Multidetector row CT angiography.CT angiography was performed with a multi detector row CT scanner (Somatom Plus4 Volume Zoom; Siemens). The procedures were performed by dedicated CT technologists. A total volume of 120 mL of nonionic contrast material (Visipaque [320 mg/mL]; Amersham Health, Eindhoven, the Netherlands) with an iodine concentration of 320 g/L was injected in an antecubital vein by using a power injector at a monophasic flow rate of 3 mL/sec. Spiral acquisitions in a single examination began at the level of the celiac trunk and ended at the ankles. The scan parameters were pitch of 7, tube current of 110 mAs (120 kV), and 3-mm sections acquired with 4 x 2.5-mm collimation.

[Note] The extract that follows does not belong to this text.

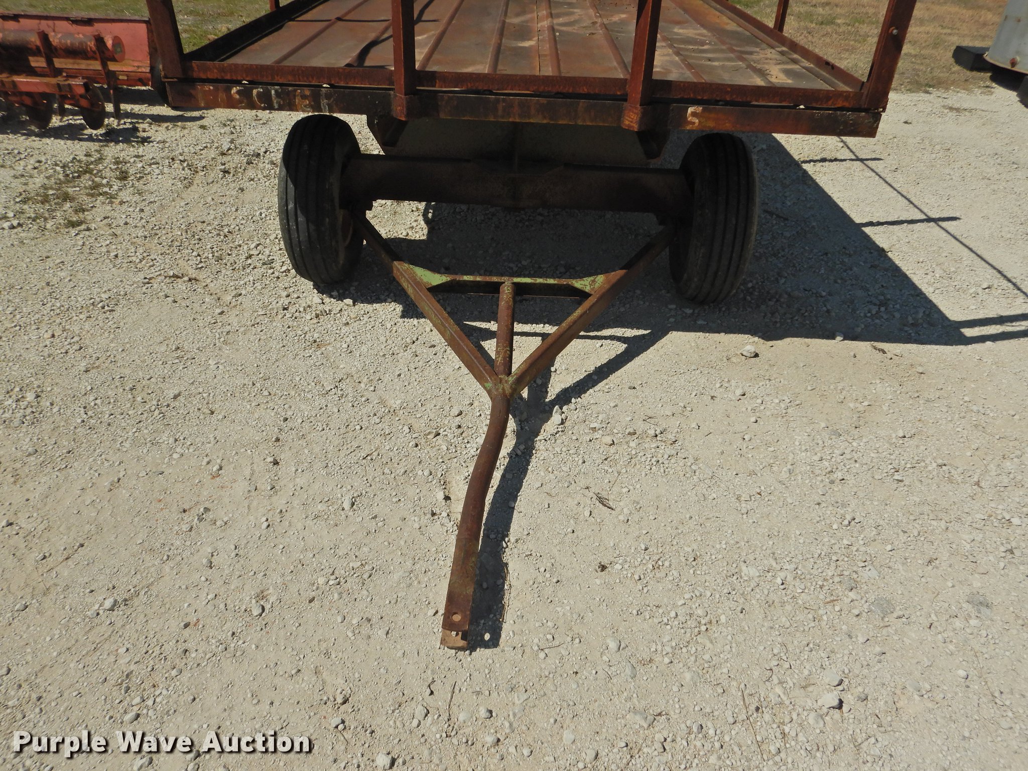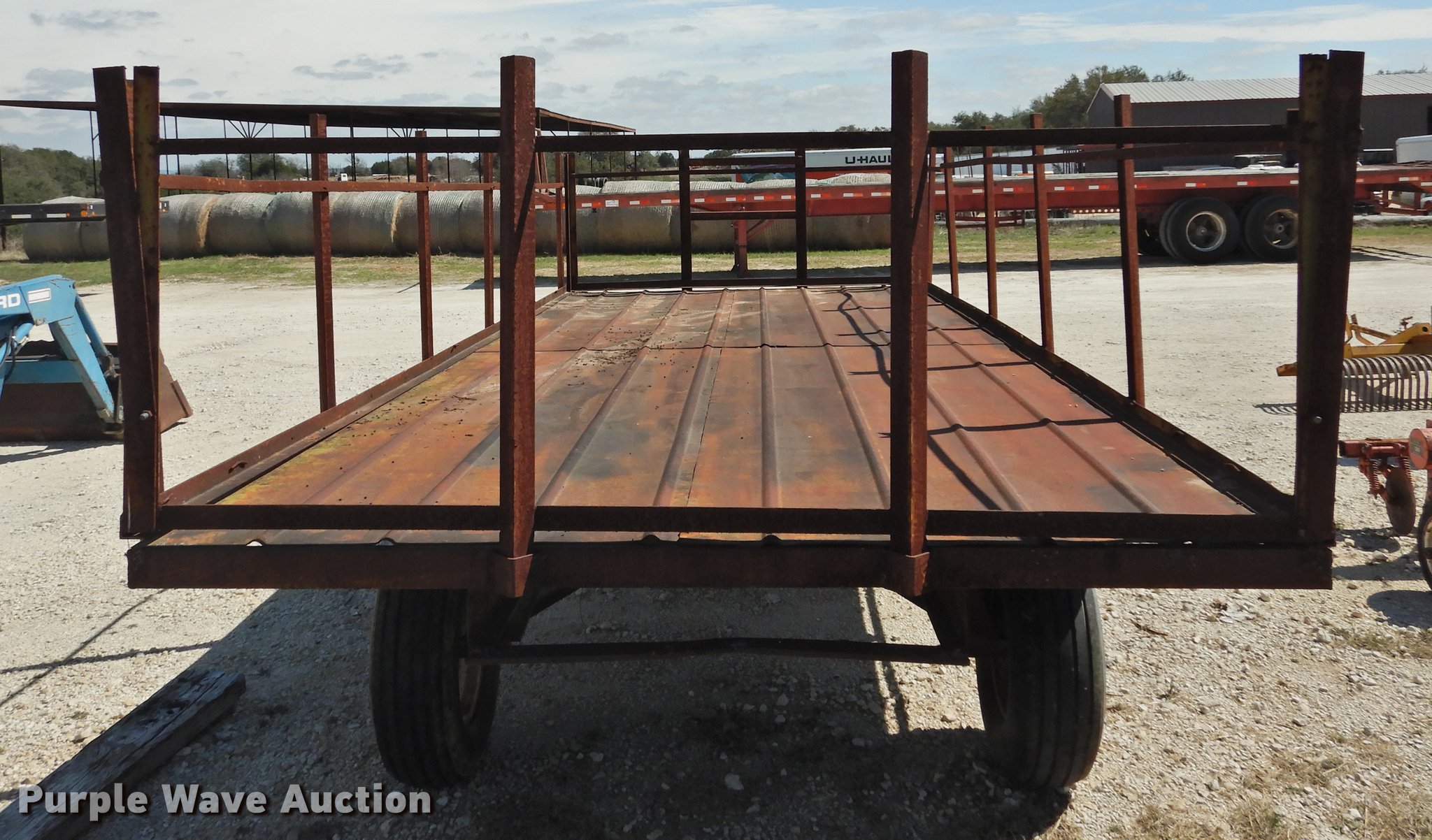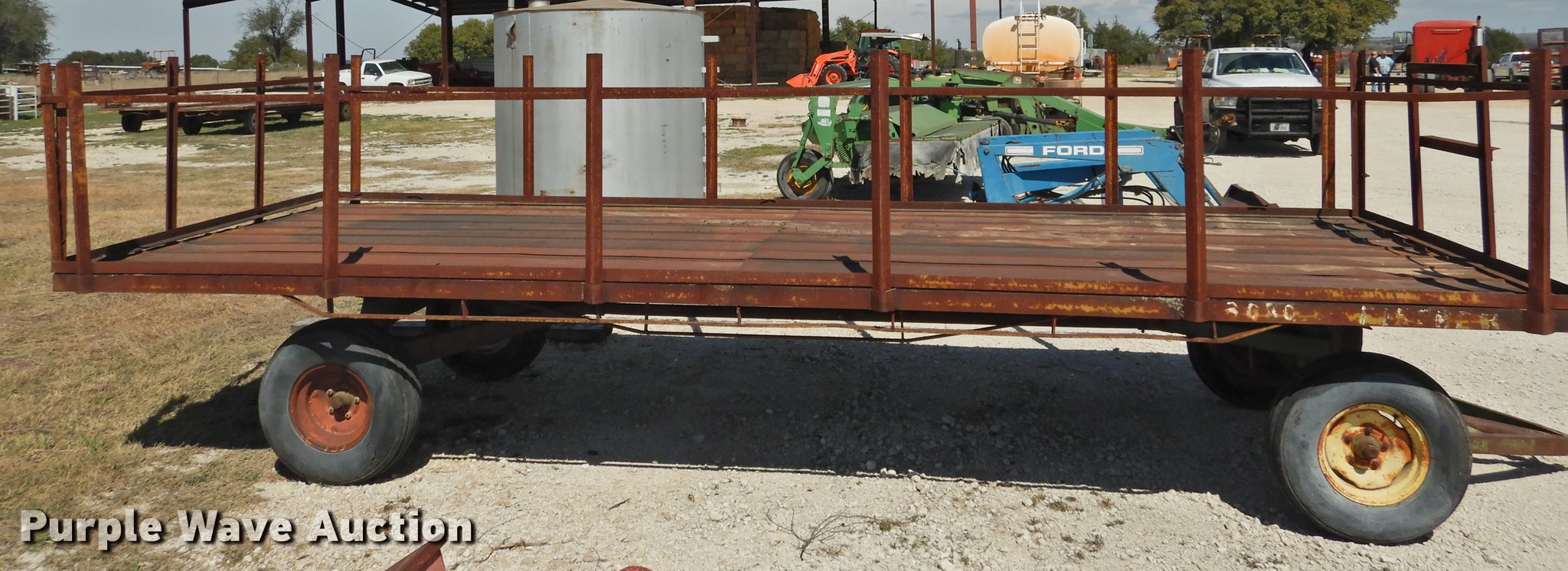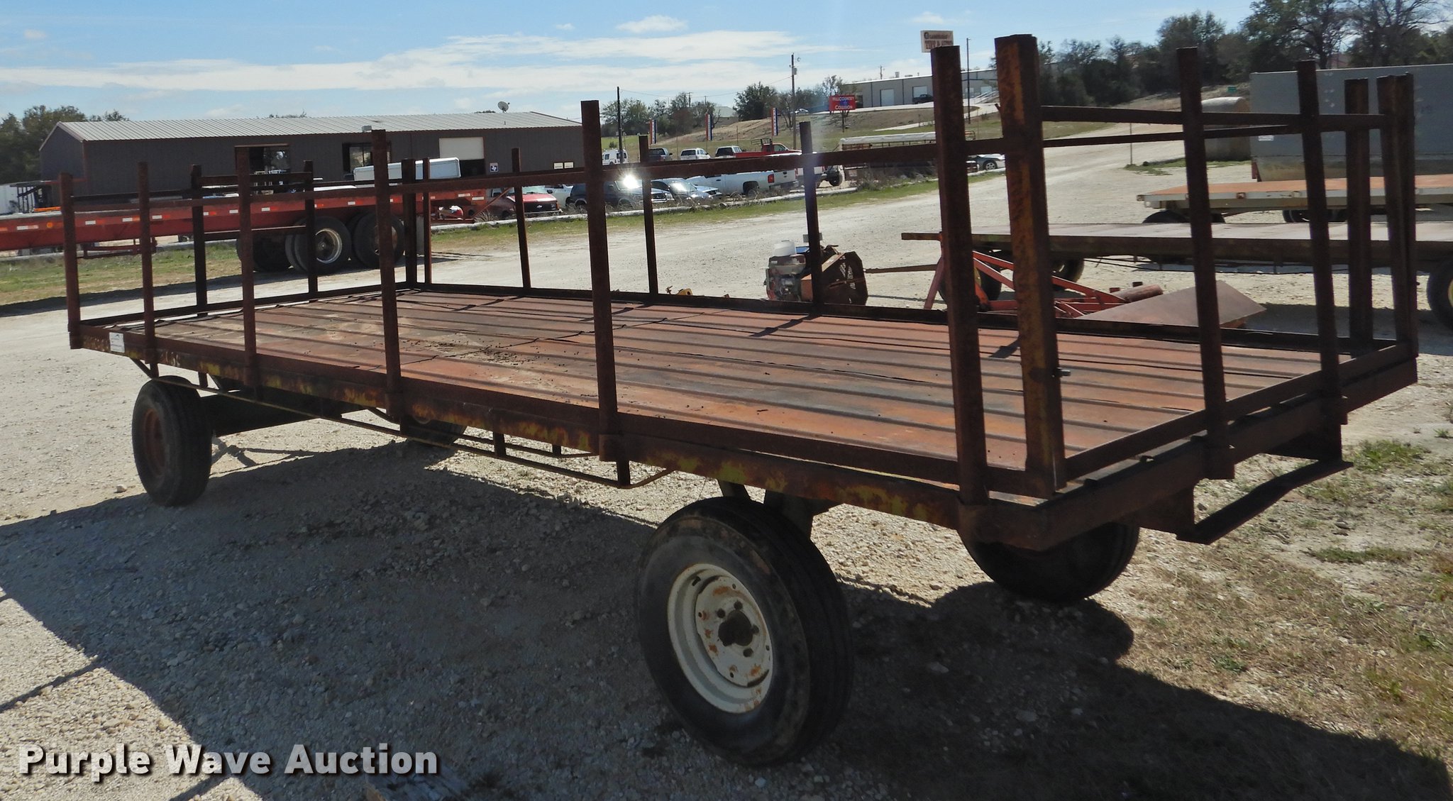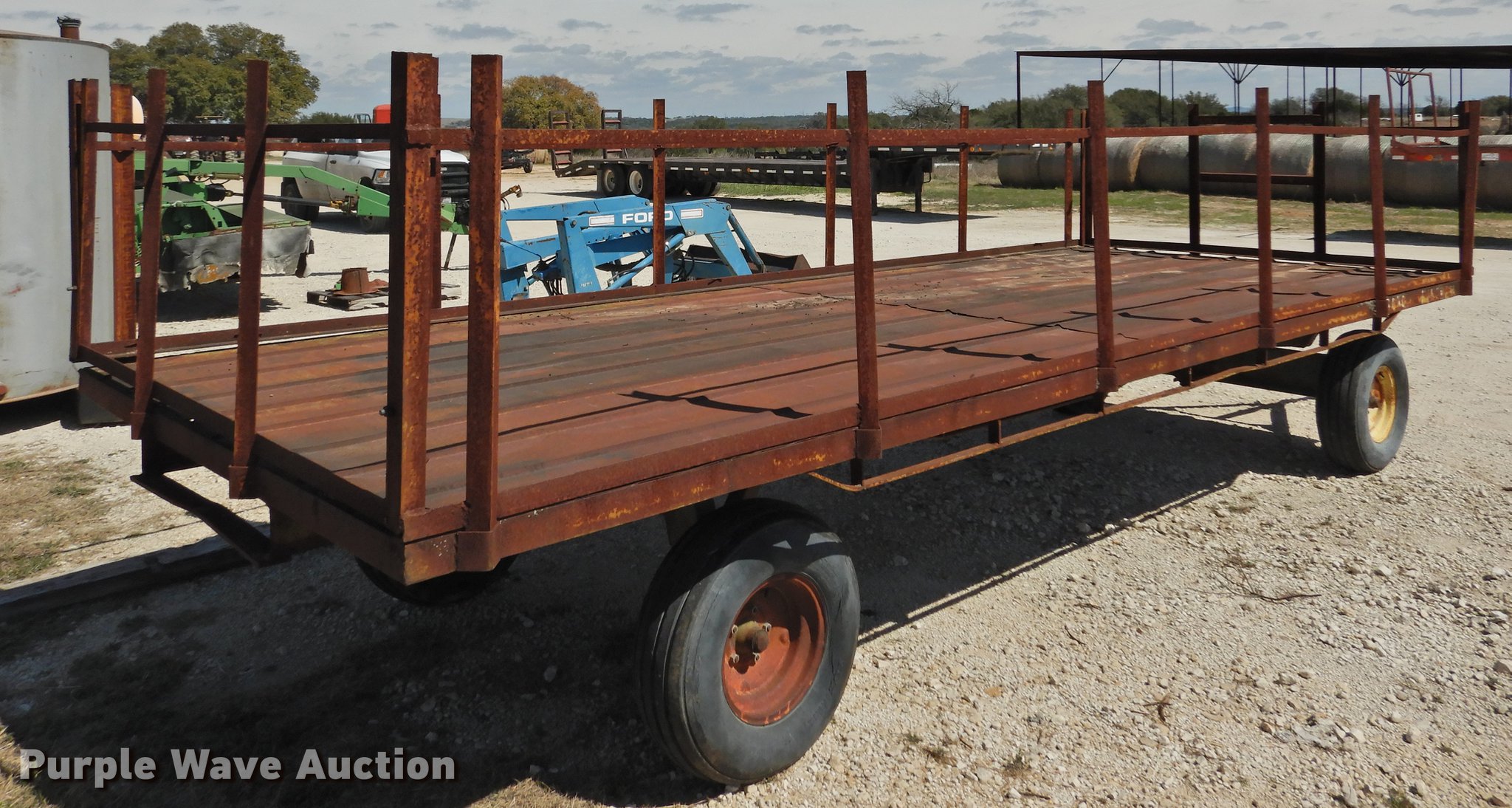 Purple Wave is selling a used Hay Handling in Texas. This item is a Shop built hay wagon with the following: 24'10"L x 7'8"W overall, 19'10"L steel deck, 3'H stake sides, Pin hitch, Steel wheels, 9.5L-14 tires

Scanning was started 25 seconds after the start of contrast material injection (fixed delay time). The acquisition time was 35 seconds, on average. In patients known to have impaired cardiac output, a longer delay time was used. The images were reconstructed with an increment of 1.5 mm and an effective section width of 3 mm by using the smooth algorithm (B20; Siemens), which resulted in three overlapping data sets of approximately 250 images each. The images were transferred to an online workstation (Easy-Vision, Philips; or Volume Wizard, Siemens) for the preparation of reconstructions.

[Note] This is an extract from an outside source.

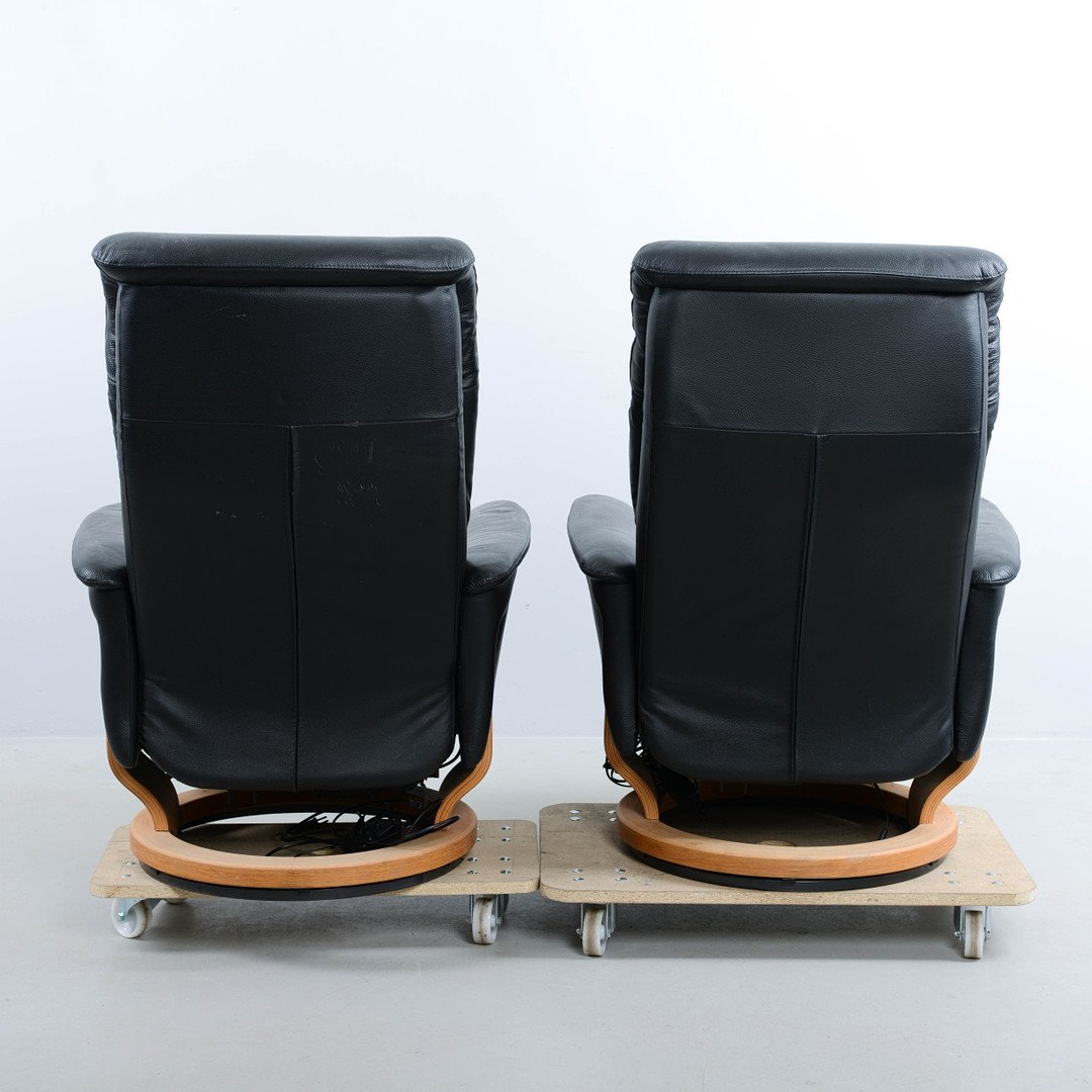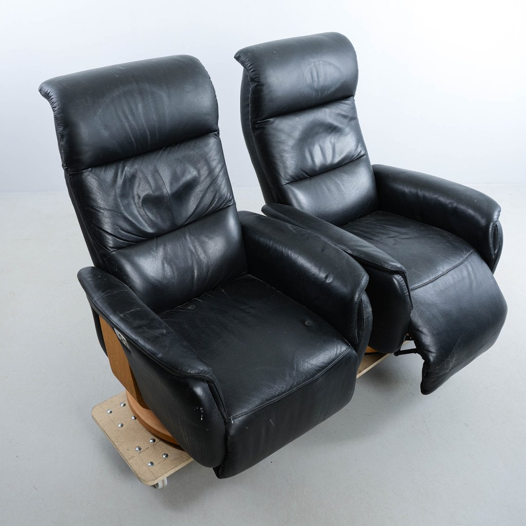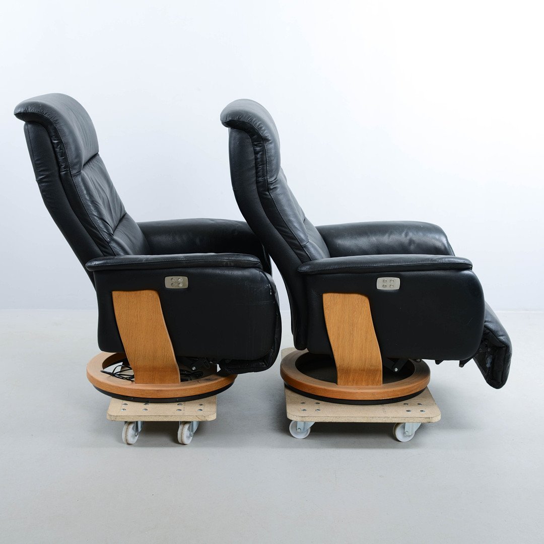 High-Back Leather Recliner Chairs, 1980s, Set of 2

Sliding maximum intensity projections were obtained with transverse, coronal, and sagittal projections. Whole-volume maximum intensity projection reconstructions with segmentation of bone were obtained. If the aortoiliac arteries were highly calcified, we made additional volume maximum intensity projection reconstructions of these arteries with segmentation of both bone and calcified plaque. Finally, central lumen line reconstructions were obtained in the aortoiliac arteries.

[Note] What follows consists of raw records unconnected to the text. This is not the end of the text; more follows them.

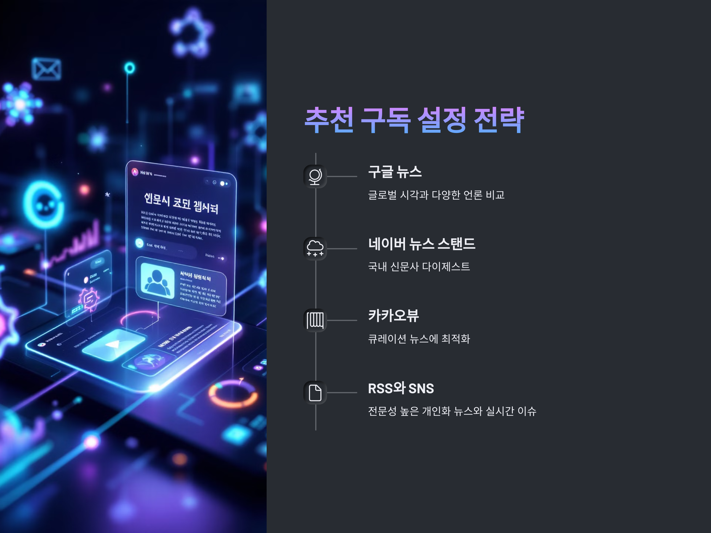 이 방식은 정보 피로도를 줄이고, 필요한 뉴스에만 집중할 수 있어 생산성과 효율성을 동시에 챙길 수 있습니다.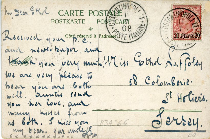 1908 Italian Levant Turkey Buyukdere to St Heliers Jersey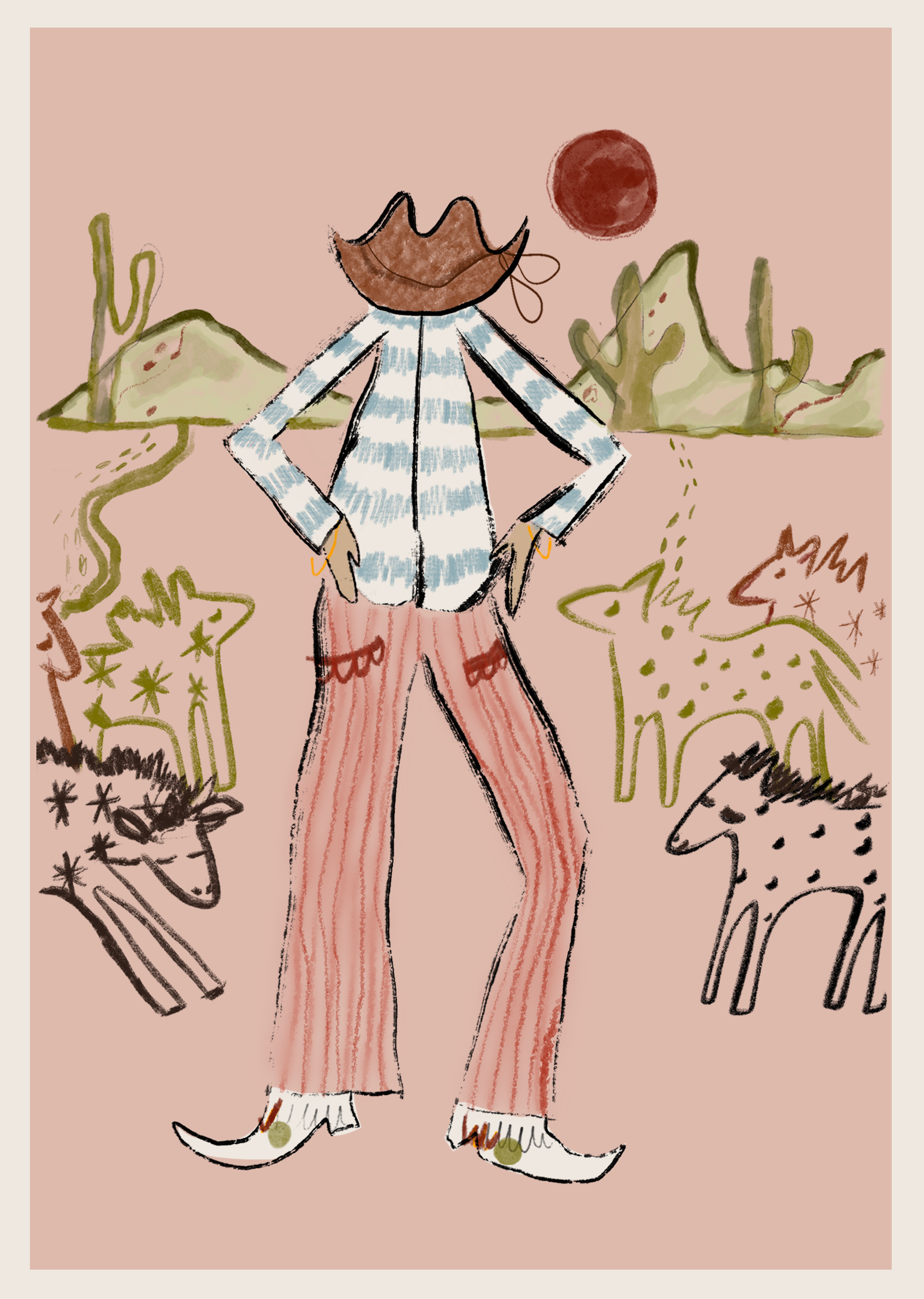 She began illustrating cowboys and playful Western scenes one evening at home in West Cork, Ireland, and before long there was a growing interest to purchase the images as prints.

Data Collection and Analysis
We analyzed the data according to the intention-to-diagnose-and-treat principle, which implies that patients belong to the group to which they were assigned by means of randomization, regardless of the actual (sequence of) events surrounding diagnosis and treatment.
Baseline patient characteristics and statistical analysis.At the time of patient inclusion, research nurses obtained baseline characteristics (ie, age, sex, and risk factors) of each patient from the patients themselves, from medical records, and from the hospital information system. To verify that randomization resulted in comparable groups, we compared baseline characteristics of the CT angiography group with those of the DSA group. For dichotomous variables we used the
2 test, and for continuous variables we used the two-sample t test.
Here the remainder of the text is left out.